Par François Collon [Hirsch & Vanhaelst]

Jeudi 31.01.13


Le régime de taxation des plus-values sur actions a connu successivement deux modifications à la suite des lois du 29 mars 2012 et du 28 décembre 2012.

1. Loi-programme du 29 mars 2012 : cotisation de 25,75 % de certaines plus-values sur actions

a)

La loi –programme du 29 mars 2012 a modifié l’article 192 du Code des impôts sur les revenus pour limiter l’exonération des plus-values sur actions ou parts à l’impôt des sociétés aux plus-values réalisées sur des actions et parts détenues depuis au moins un an.

Cet article débute aujourd’hui par ces termes :

« Sans préjudice de l'application de l'article 217, 3°, sont aussi intégralement exonérées les plus-values non visées à l’article 45, § 1er, alinéa 1er, 1°, réalisées, ou constatées à l’occasion du partage de l’avoir social d’une société dissoute, sur des actions ou parts dont les revenus éventuels sont susceptibles d’être déduits des bénéfices en vertu des articles 202 §1 et 203 et qui ont été détenues en pleine propriété pendant une période ininterrompue d'au moins un an ».

b)

L’objectif avoué du gouvernement est de réserver le régime d’exonération des plus-values sur actions aux placements à moyen ou long terme, ayant donc un certain caractère de permanence, et d’en exclure les opérations à caractère spéculatif.

Pour ce faire, il tire notamment argument du régime fiscal commun applicable aux sociétés mères et filiales visant à prévenir la double imposition économique, dans le chef des sociétés mères, des bénéfices réalisés par des sociétés filiales établies au sein de l’Union européenne.

En effet, contrairement aux dispositions en matière de revenus définitivement taxés et en matière de renonciation à la perception du précompte mobilier sur les bénéfices distribués par les sociétés filiales qui prévoient que la participation doit être détenue pendant une période ininterrompue d’au moins un an, le régime d’exonération des plus-values sur actions n’opérait aucune distinction liée à la durée de détention des actions ou parts ou au taux de participation dans le capital de la société filiale.

La taxation des plus-values réalisées sur des actions ou parts répondrait donc également à un souhait d’alignement de régimes, pourtant entrés en vigueur il y a déjà bien longtemps à la suite de la loi du 23 octobre 1991 transposant en droit belge la directive du Conseil des Communautés européennes du 23 juillet 1990 concernant le régime fiscal commun applicable aux sociétés mères et filiales.

c)

La loi-programme du 29 mars 2012 a également réintroduit dans le Code des impôts sur les revenus 1992 un article 217 qui avait été abrogé par la loi du 27 décembre 2012. Cet article prévoit désormais que les plus-values sur actions ou parts détenues en pleine propriété depuis moins d’un an sont soumises à taux distinct de 25 %, ce dernier devant être augmenté de la cotisation complémentaire de crise (463bis, § 1, 1° du CIR 1992), ce qui le porte à 25,75 %. Il faut insister à cet égard sur le fait qu’il s’agit d’un taux distinct de l’impôt des sociétés et non d’une « cotisation » distincte de sorte qu’en principe toutes les déductions admissibles à l’impôts des sociétés pourront être effectuées sur l’assiette de l’impôt des sociétés soumis à ce taux distinct.

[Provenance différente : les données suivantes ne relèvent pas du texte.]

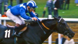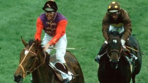 Willie Carson (left): won the 1977 Oaks with the Queen’s Dunfermline, pictured after the line with his whip in the backhand position Gerry Cranham (racingpost.com/photos)

Il est toutefois regrettable à cet égard que le législateur n’ait pas songé, à l’occasion de l’introduction de cette nouvelle mesure, à préciser les règles d’imputation qui seront applicables.

Un exemple permet d’illustrer les situations qui sont susceptibles de se présenter.

Une société réalise un résultat de 100 composé notamment d’une plus-value sur actions de 80 qui doit en principe être soumise au taux de 25,75 %. Ses frais déductibles s’élèvent à 70.

Faut-il considérer que les 60 doivent être d’abord imputés sur la plus-value imposable à 25,75 % puis sur le solde du bénéfice taxé à 33,99 % ? Ceci reviendrait à une taxation de 10 x 25,75 % + 20 x 33,99 %, soit 9,373.

Ou faut-il procéder de la manière inverse en imputant les frais déductibles en priorité sur les bénéfices imposables au taux ordinaires puis seulement sur ceux soumis au taux distinct ? Ceci reviendrait à une taxation de 30 x 25,75 %, soit 7,725.

On pourrait encore envisager l’application d’une règle proportionnelle. Le bénéfice imposable de 30 étant réparti proportionnellement en fonction de son origine : 80 % serait donc taxable à 25,75 % alors que 20 % serait taxable au taux ordinaire de 33,99 %. Nous aboutirions dans ce cas à un impôt de 8,2194.

La présentation formelle de la déclaration à l’impôt des sociétés et certains arguments tirés de régimes comparables antérieurement applicables à l’impôt des sociétés laissent à penser que c’est la seconde solution visée ci-dessus qui sera d’application.

d)

Il faut noter que, nonobstant l’introduction de cette nouvelle règle de taxation des plus-values sur actions, les moins-values et les réductions de valeur restent non déductibles sur la base de l’article 198, alinéa 1er, 7° du CIR 92.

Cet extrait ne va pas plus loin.